What you should do.
In the copy, include no pictures. Reproduce the rest of the entries exactly.
"""
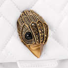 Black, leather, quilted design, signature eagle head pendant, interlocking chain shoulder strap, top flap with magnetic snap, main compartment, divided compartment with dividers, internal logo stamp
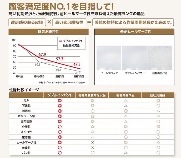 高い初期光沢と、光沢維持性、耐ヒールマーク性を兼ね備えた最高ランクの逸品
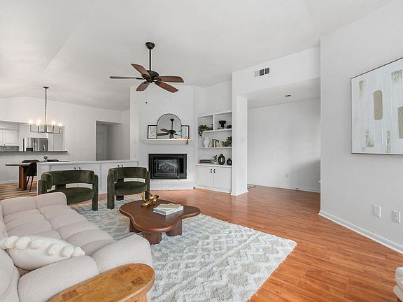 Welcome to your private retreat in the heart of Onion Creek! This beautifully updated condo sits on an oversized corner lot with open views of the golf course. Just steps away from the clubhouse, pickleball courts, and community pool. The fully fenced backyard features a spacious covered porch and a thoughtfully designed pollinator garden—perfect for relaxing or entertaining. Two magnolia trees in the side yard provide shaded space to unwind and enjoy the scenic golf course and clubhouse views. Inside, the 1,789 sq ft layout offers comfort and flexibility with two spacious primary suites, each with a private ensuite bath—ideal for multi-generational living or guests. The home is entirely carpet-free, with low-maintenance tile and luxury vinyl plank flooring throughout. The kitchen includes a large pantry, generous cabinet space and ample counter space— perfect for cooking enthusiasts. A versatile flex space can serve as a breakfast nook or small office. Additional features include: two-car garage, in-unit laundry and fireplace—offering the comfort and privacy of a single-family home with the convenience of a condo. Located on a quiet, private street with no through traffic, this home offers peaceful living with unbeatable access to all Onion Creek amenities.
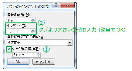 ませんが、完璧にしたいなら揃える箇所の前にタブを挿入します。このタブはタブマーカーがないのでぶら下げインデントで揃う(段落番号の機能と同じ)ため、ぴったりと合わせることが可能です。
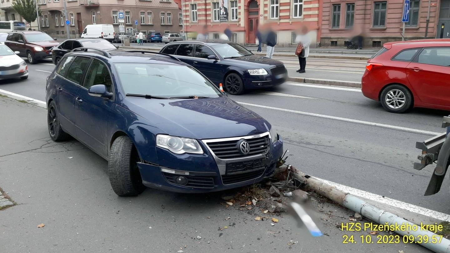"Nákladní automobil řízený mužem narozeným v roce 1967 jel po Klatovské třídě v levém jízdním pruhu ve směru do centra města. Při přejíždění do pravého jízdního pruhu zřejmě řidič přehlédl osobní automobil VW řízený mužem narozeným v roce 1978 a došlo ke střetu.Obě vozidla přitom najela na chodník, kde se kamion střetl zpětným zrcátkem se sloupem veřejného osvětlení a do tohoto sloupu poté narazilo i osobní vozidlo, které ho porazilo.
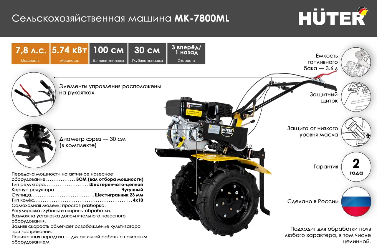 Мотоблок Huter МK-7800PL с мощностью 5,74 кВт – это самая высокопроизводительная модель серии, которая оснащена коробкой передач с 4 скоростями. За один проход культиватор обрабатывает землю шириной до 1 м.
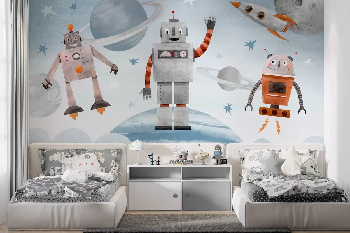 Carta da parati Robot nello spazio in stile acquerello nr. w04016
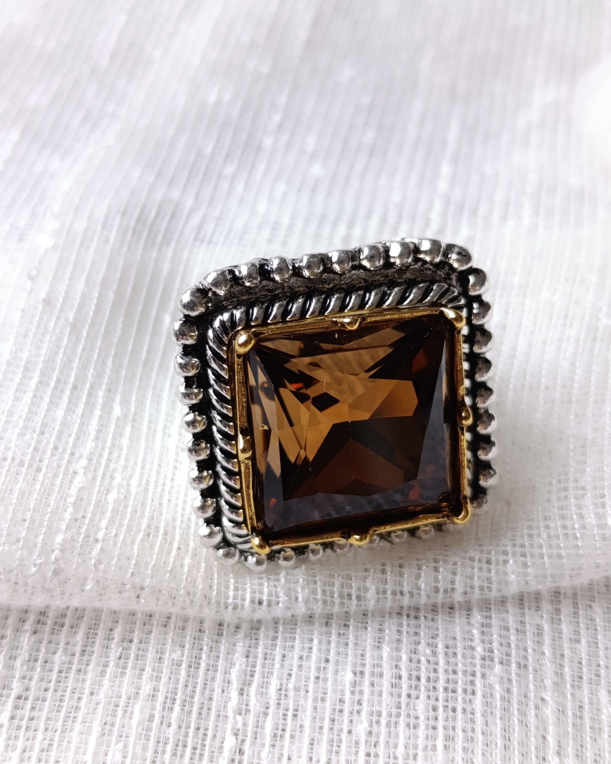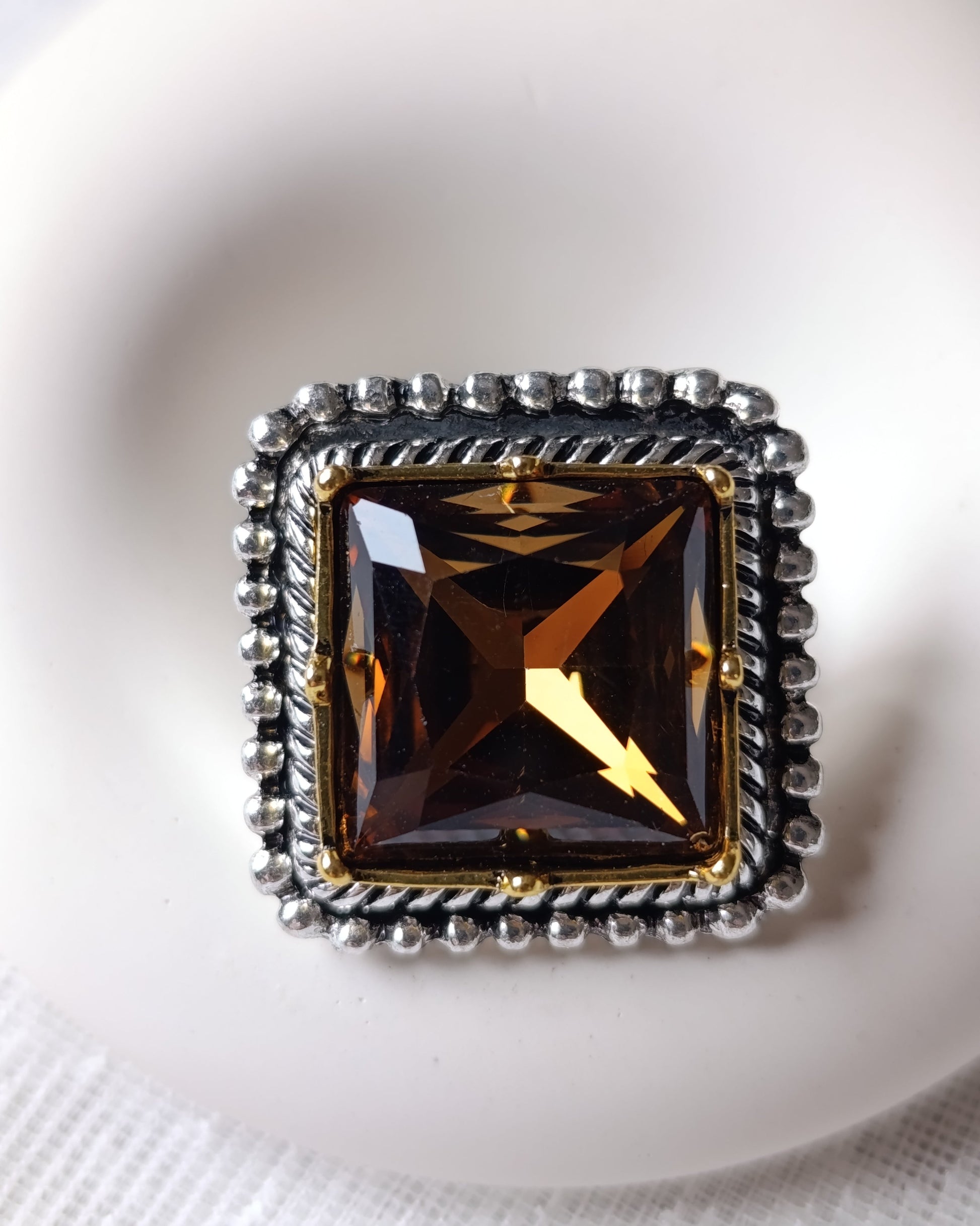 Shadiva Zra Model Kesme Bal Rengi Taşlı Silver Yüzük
"""
Written solution.
 Black, leather, quilted design, signature eagle head pendant, interlocking chain shoulder strap, top flap with magnetic snap, main compartment, divided compartment with dividers, internal logo stamp
 高い初期光沢と、光沢維持性、耐ヒールマーク性を兼ね備えた最高ランクの逸品
 Welcome to your private retreat in the heart of Onion Creek! This beautifully updated condo sits on an oversized corner lot with open views of the golf course. Just steps away from the clubhouse, pickleball courts, and community pool. The fully fenced backyard features a spacious covered porch and a thoughtfully designed pollinator garden—perfect for relaxing or entertaining. Two magnolia trees in the side yard provide shaded space to unwind and enjoy the scenic golf course and clubhouse views. Inside, the 1,789 sq ft layout offers comfort and flexibility with two spacious primary suites, each with a private ensuite bath—ideal for multi-generational living or guests. The home is entirely carpet-free, with low-maintenance tile and luxury vinyl plank flooring throughout. The kitchen includes a large pantry, generous cabinet space and ample counter space— perfect for cooking enthusiasts. A versatile flex space can serve as a breakfast nook or small office. Additional features include: two-car garage, in-unit laundry and fireplace—offering the comfort and privacy of a single-family home with the convenience of a condo. Located on a quiet, private street with no through traffic, this home offers peaceful living with unbeatable access to all Onion Creek amenities.
 ませんが、完璧にしたいなら揃える箇所の前にタブを挿入します。このタブはタブマーカーがないのでぶら下げインデントで揃う(段落番号の機能と同じ)ため、ぴったりと合わせることが可能です。
"Nákladní automobil řízený mužem narozeným v roce 1967 jel po Klatovské třídě v levém jízdním pruhu ve směru do centra města. Při přejíždění do pravého jízdního pruhu zřejmě řidič přehlédl osobní automobil VW řízený mužem narozeným v roce 1978 a došlo ke střetu.Obě vozidla přitom najela na chodník, kde se kamion střetl zpětným zrcátkem se sloupem veřejného osvětlení a do tohoto sloupu poté narazilo i osobní vozidlo, které ho porazilo.
 Мотоблок Huter МK-7800PL с мощностью 5,74 кВт – это самая высокопроизводительная модель серии, которая оснащена коробкой передач с 4 скоростями. За один проход культиватор обрабатывает землю шириной до 1 м.
 Carta da parati Robot nello spazio in stile acquerello nr. w04016
 Shadiva Zra Model Kesme Bal Rengi Taşlı Silver Yüzük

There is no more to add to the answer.